- **Task**
A faithful copy of the data is what is wanted, minus any pictures.

- **Source material**
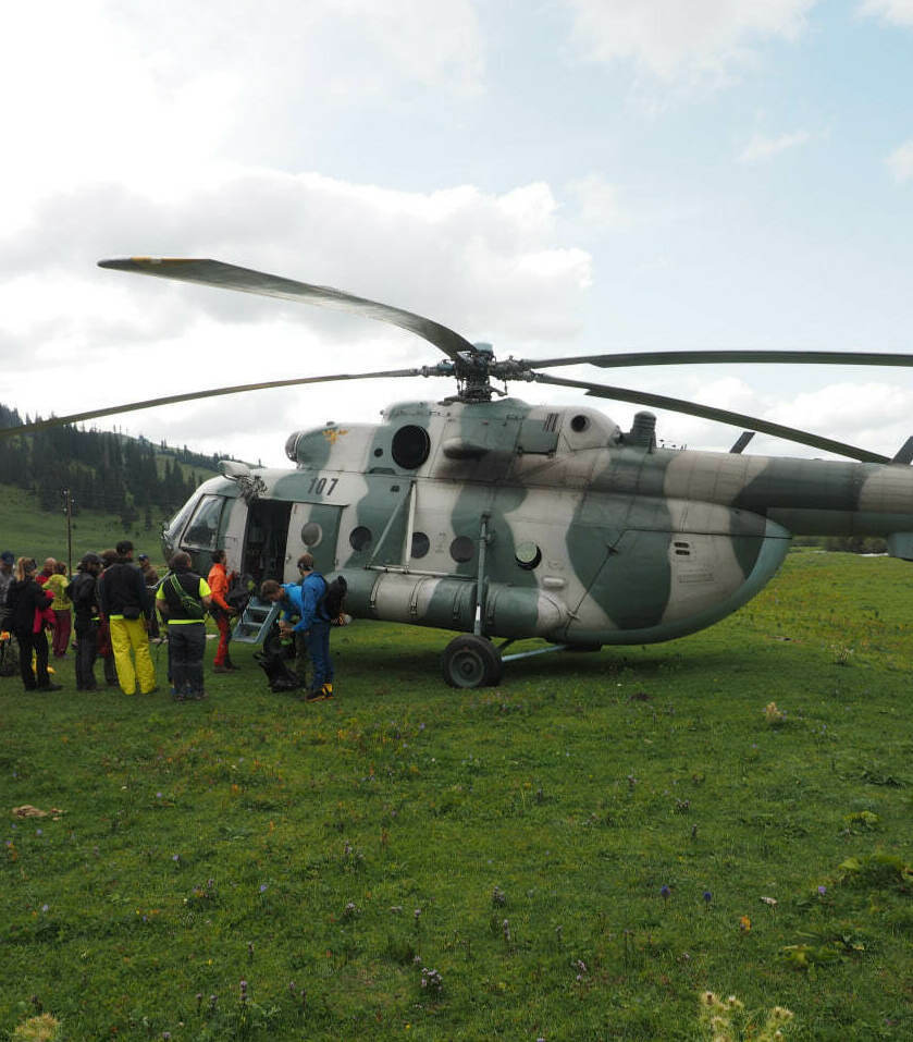 - вертолётный перелёт на ледник и обратно (перевоз груза до 20 кг)
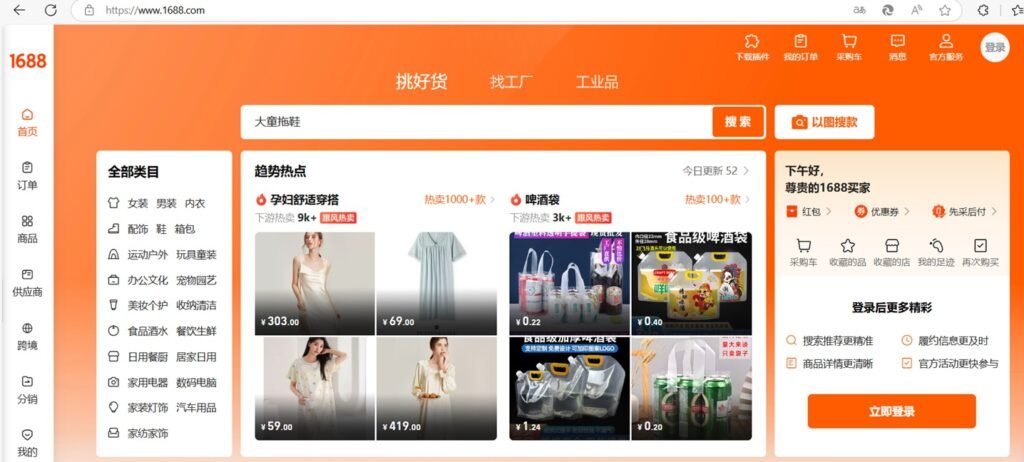 1688 es el «Alibaba para chinos». Es una plataforma B2B enfocada al mercado interno de China. Aquí encontrarás miles de proveedores con precios más bajos que en Alibaba.
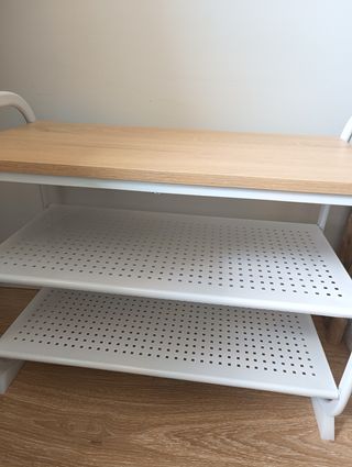 Bonito zapatero de Ikea, en color blanco y de madera. Está en buen estado. - Tiene tres cajones espaciosos. - Diseño sencillo y elegante. - Ideal para organizar el calzado. lo unico tiene una grieta de la pintura en el costado como se ve en la foto pero esta perfecto.
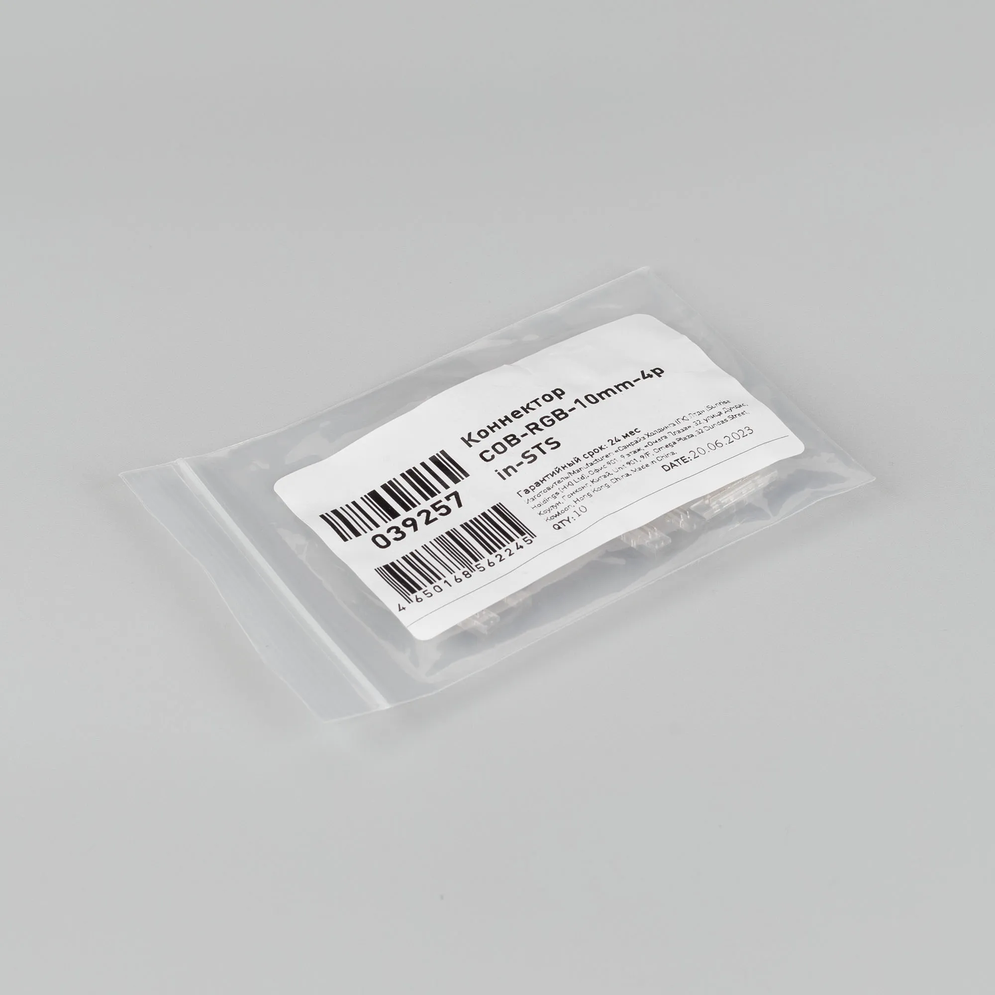 Коннектор STS для соединения двух отрезков RGB лент COB шириной 10 мм. Материал - прозрачный пластик. Максимальный допустимый ток 3 А, максимальное напряжение 24 В. Цена за 1 шт. Пакет 10 шт.

- **Solution below**
 - вертолётный перелёт на ледник и обратно (перевоз груза до 20 кг)
 1688 es el «Alibaba para chinos». Es una plataforma B2B enfocada al mercado interno de China. Aquí encontrarás miles de proveedores con precios más bajos que en Alibaba.
 Bonito zapatero de Ikea, en color blanco y de madera. Está en buen estado. - Tiene tres cajones espaciosos. - Diseño sencillo y elegante. - Ideal para organizar el calzado. lo unico tiene una grieta de la pintura en el costado como se ve en la foto pero esta perfecto.
 Коннектор STS для соединения двух отрезков RGB лент COB шириной 10 мм. Материал - прозрачный пластик. Максимальный допустимый ток 3 А, максимальное напряжение 24 В. Цена за 1 шт. Пакет 10 шт.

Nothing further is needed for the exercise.